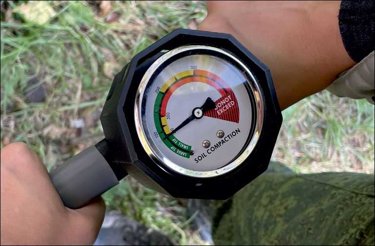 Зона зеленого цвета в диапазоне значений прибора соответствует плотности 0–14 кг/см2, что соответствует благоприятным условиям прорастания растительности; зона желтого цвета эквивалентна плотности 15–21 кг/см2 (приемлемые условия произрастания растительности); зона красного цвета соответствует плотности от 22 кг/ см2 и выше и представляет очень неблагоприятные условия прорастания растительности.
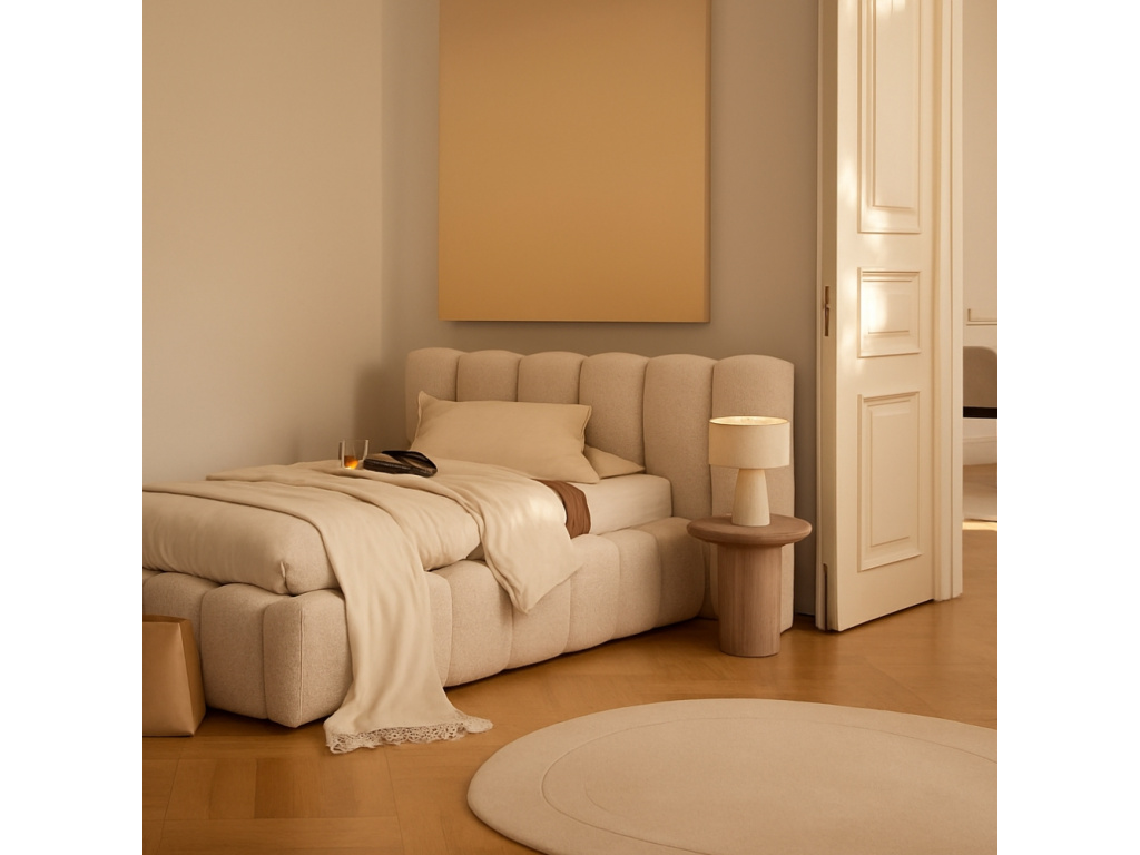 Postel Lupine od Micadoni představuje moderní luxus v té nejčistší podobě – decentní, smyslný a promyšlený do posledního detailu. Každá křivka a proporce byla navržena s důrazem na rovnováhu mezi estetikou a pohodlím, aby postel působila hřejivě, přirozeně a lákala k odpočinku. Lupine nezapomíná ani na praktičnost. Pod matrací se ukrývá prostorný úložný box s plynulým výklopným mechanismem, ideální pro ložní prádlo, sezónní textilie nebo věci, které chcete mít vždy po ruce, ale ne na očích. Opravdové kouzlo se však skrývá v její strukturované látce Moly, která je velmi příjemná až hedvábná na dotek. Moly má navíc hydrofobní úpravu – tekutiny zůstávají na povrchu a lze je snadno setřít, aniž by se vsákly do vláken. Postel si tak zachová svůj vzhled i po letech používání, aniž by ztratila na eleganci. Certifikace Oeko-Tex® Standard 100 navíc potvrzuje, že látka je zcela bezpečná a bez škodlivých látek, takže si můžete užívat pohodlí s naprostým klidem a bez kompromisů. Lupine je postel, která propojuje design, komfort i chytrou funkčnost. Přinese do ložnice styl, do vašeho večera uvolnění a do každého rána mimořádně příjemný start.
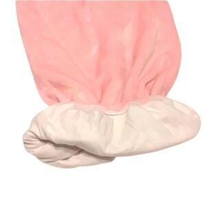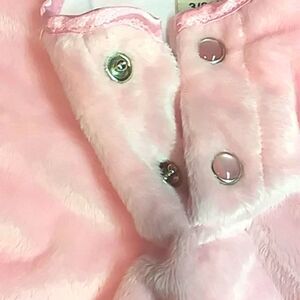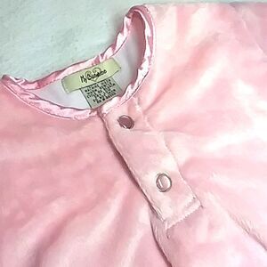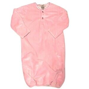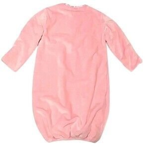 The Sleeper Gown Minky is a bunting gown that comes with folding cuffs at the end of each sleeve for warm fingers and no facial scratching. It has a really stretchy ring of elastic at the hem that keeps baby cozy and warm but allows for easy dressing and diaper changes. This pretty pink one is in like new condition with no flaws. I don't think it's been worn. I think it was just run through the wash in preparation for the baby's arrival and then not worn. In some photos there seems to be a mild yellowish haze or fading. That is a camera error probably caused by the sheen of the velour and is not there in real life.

--------------------------------------------------

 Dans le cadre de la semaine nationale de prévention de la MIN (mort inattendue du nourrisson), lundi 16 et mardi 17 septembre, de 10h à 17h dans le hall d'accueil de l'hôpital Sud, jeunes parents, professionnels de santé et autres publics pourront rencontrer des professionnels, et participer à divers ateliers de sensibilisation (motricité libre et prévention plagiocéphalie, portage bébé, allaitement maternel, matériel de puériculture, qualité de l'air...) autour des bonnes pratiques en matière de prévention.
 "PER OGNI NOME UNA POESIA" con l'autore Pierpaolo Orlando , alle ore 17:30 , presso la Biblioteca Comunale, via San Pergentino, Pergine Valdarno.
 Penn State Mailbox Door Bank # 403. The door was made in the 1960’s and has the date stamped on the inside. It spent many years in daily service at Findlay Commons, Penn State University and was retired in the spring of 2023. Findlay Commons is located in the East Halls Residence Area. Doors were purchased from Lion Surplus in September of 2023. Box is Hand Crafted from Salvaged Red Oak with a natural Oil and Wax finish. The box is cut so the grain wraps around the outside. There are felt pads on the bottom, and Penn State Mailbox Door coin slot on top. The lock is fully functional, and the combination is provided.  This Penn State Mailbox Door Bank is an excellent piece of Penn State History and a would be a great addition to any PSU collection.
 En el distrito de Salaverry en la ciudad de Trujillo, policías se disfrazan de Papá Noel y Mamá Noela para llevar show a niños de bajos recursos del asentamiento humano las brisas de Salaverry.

--------------------------------------------------

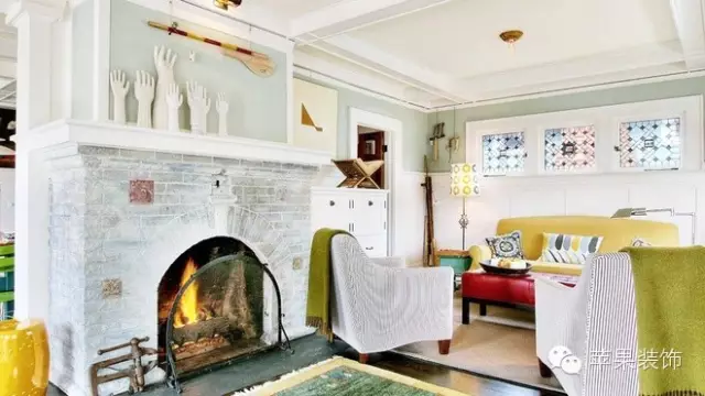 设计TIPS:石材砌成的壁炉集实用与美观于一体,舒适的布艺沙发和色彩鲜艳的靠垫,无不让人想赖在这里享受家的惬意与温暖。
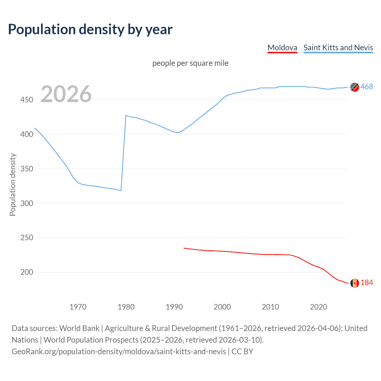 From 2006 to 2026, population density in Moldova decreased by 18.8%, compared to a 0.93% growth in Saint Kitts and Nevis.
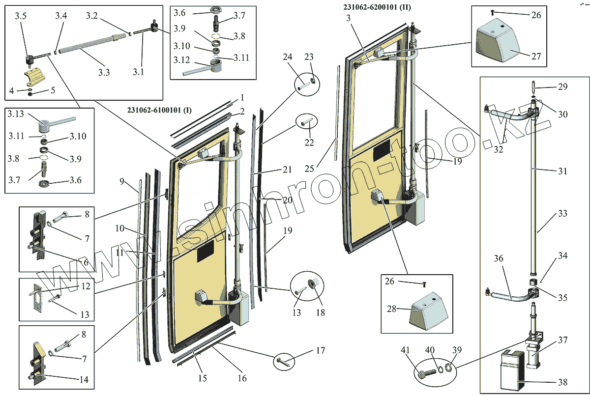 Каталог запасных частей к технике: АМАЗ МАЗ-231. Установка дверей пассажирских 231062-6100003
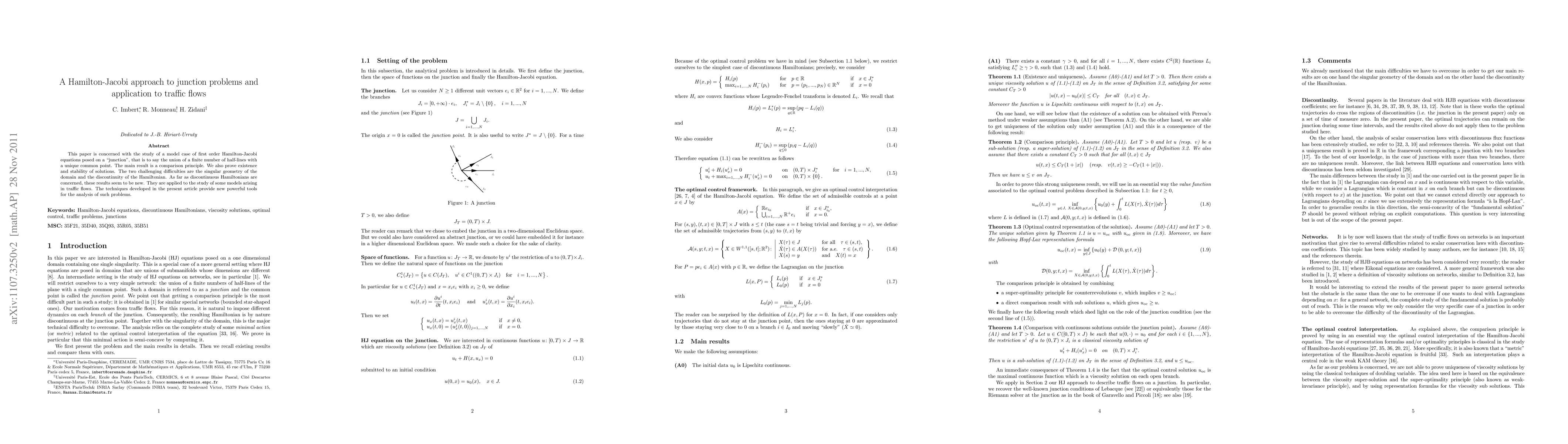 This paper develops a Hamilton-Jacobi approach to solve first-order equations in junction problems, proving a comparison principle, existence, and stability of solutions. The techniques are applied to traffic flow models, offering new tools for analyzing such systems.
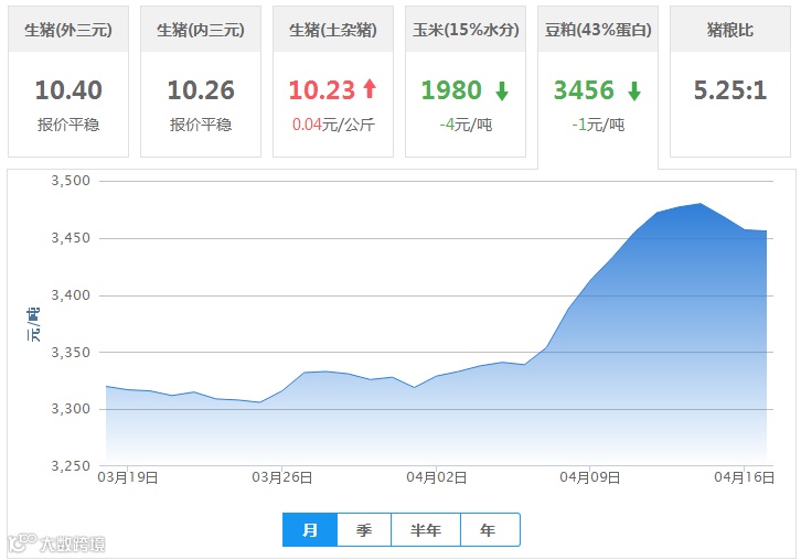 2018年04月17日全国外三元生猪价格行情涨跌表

--------------------------------------------------

The stretch above running from the line with "Каталог запасных частей" through the line with "2018年04月17日全国外三元生猪价格行情涨跌表" is all you should copy, exactly, leaving out the pictures.

 Каталог запасных частей к технике: АМАЗ МАЗ-231. Установка дверей пассажирских 231062-6100003
 This paper develops a Hamilton-Jacobi approach to solve first-order equations in junction problems, proving a comparison principle, existence, and stability of solutions. The techniques are applied to traffic flow models, offering new tools for analyzing such systems.
 2018年04月17日全国外三元生猪价格行情涨跌表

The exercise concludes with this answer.